Integrating seccomp into the application
To see how seccomp can be used in practice, let’s consider a toy example program
myos.c:
#include <stdio.h>
#include <sys/utsname.h>
int main(void)
{
struct utsname name;
if (uname(&name)) {
perror("uname failed: ");
return 1;
}
printf("My OS is %s!\n", name.sysname);
return 0;
}
This is a simplified version of the uname command line tool, which just prints your operating system name. Like its full-featured counterpart, it uses the uname system call to actually get the name of the current operating system from the kernel. Let’s see it action:
$ gcc -o myos myos.c
$ ./myos
My OS is Linux!
Great! We’re on Linux, so can further experiment with seccomp (it is a Linux-only feature). Notice that we’re properly handling the error code after invoking the uname system call. However, according to the man page it can only fail, when the passed in buffer pointer is invalid. And in this case the set error number will be “EINVAL”, which translates to invalid parameter. In our case, the “struct utsname” structure is being allocated on the stack, so our pointer will always be valid. In other words, in normal circumstances the uname system call should never fail in this particular program.

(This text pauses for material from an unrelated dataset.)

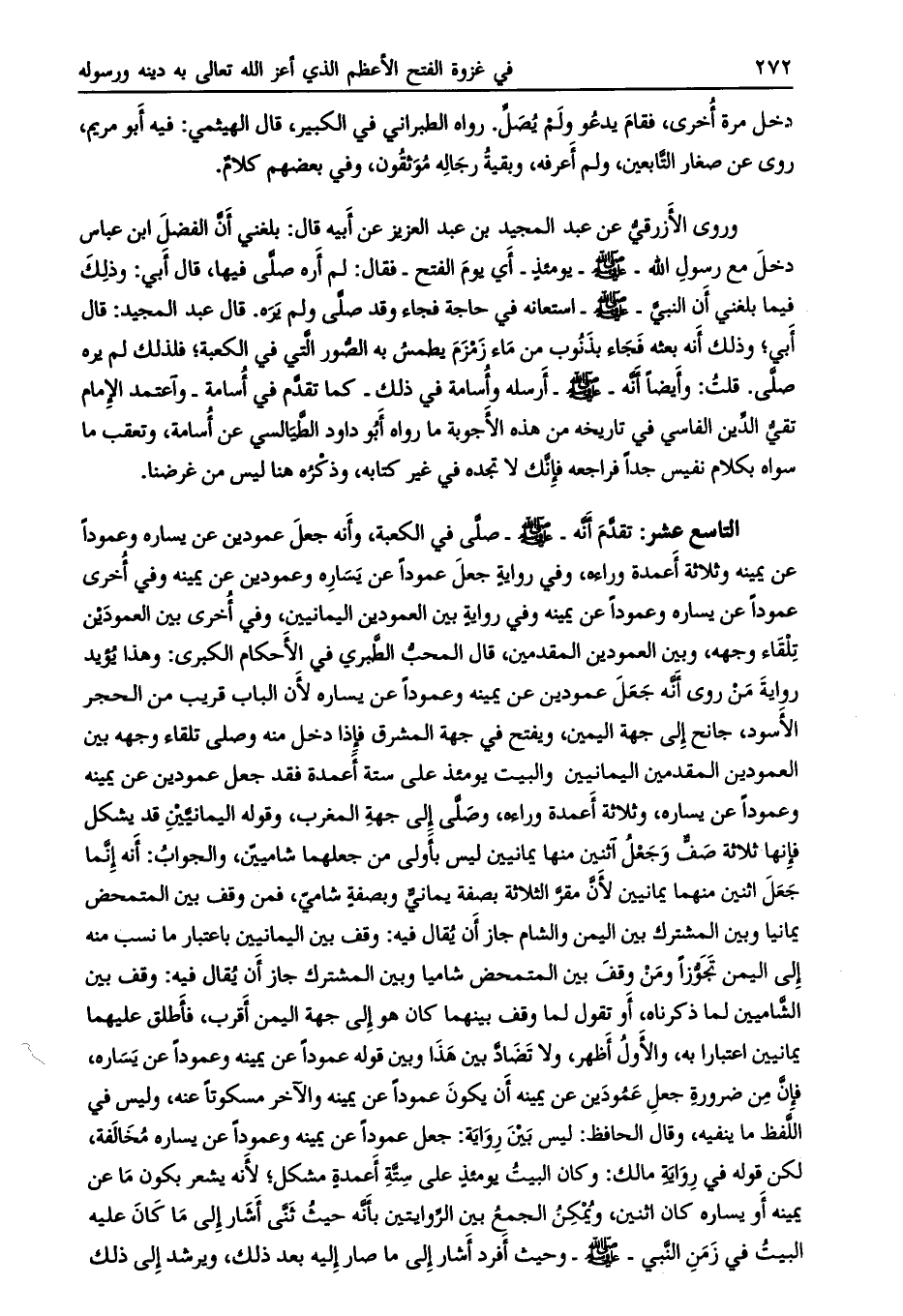 وروى الأزرقي عن عبد المجيد بن عبد العزيز عن أبيه قال: بلغني أنّ الفضل ابن عباس دخل مع رسول الله- صلى الله عليه وسلم- يومئذ- أي يوم الفتح- فقال: لم أره صلّى فيها، قال أبي: وذلك فيما بلغني أن النبي- صلى الله عليه وسلّم- استعانه في حاجة فجاء وقد صلّى ولم يره. قال عبد المجيد: قال أبي، وذلك أنه بعثه فجاء بذنوب من ماء زمزم يطمس به الصّور الّتي في الكعبة، فلذلك لم يره صلّى. قلت: وأيضا أنه- صلى الله عليه وسلم- أرسله وأسامة في ذلك- كما تقدّم في أسامة- واعتمد الإمام تقيّ الدّين الفاسي في تاريخه من هذه الأجوبة ما رواه أبو داود الطيالسي عن أسامة، وتعقب ما سواه بكلام نفيس جدا فراجعه فإنّك لا تجده في غير كتابه، وذكره هنا ليس من غرضنا.
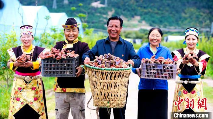 圖為米林縣農(nóng)牧民手捧靈芝展示豐收的喜悅。平措旺青供圖

To illustrate seccomp capabilities we will add a “sandbox” function to our program before the main logic
myos_raw_seccomp.c:
#include <linux/seccomp.h>
#include <linux/filter.h>
#include <linux/audit.h>
#include <sys/ptrace.h>
#include <sys/prctl.h>
#include <stdlib.h>
#include <stdio.h>
#include <stddef.h>
#include <sys/utsname.h>
#include <errno.h>
#include <unistd.h>
#include <sys/syscall.h>
static void sandbox(void)
{
struct sock_filter filter[] = {
/* seccomp(2) says we should always check the arch */
/* as syscalls may have different numbers on different architectures */
/* see https://fedora.juszkiewicz.com.pl/syscalls.html */
/* for simplicity we only allow x86_64 */
BPF_STMT(BPF_LD | BPF_W | BPF_ABS, (offsetof(struct seccomp_data, arch))),
/* if not x86_64, tell the kernel to kill the process */
BPF_JUMP(BPF_JMP | BPF_JEQ | BPF_K, AUDIT_ARCH_X86_64, 0, 4),
/* get the actual syscall number */
BPF_STMT(BPF_LD | BPF_W | BPF_ABS, (offsetof(struct seccomp_data, nr))),
/* if "uname", tell the kernel to return EPERM, otherwise just allow */
BPF_JUMP(BPF_JMP | BPF_JEQ | BPF_K, SYS_uname, 0, 1),
BPF_STMT(BPF_RET | BPF_K, SECCOMP_RET_ERRNO | (EPERM & SECCOMP_RET_DATA)),
BPF_STMT(BPF_RET | BPF_K, SECCOMP_RET_ALLOW),
BPF_STMT(BPF_RET | BPF_K, SECCOMP_RET_KILL),
};
struct sock_fprog prog = {
.len = (unsigned short) (sizeof(filter) / sizeof(filter[0])),
.filter = filter,
};
/* see seccomp(2) on why this is needed */
if (prctl(PR_SET_NO_NEW_PRIVS, 1, 0, 0, 0)) {
perror("PR_SET_NO_NEW_PRIVS failed");
exit(1);
};
/* glibc does not have a wrapper for seccomp(2) */
/* invoke it via the generic syscall wrapper */
if (syscall(SYS_seccomp, SECCOMP_SET_MODE_FILTER, 0, &prog)) {
perror("seccomp failed");
exit(1);
};
}
int main(void)
{
struct utsname name;
sandbox();
if (uname(&name)) {
perror("uname failed");
return 1;
}
printf("My OS is %s!\n", name.sysname);
return 0;
}
To sandbox itself the application defines a BPF program, which implements the desired sandboxing policy. Then the application passes this program to the kernel via the seccomp system call. The kernel does some validation checks to ensure the BPF program is OK and then runs this program on every system call the application makes. The results of the execution of the program is used by the kernel to determine if the current call complies with the desired policy. In other words the BPF program is the “contract” between the application and the kernel.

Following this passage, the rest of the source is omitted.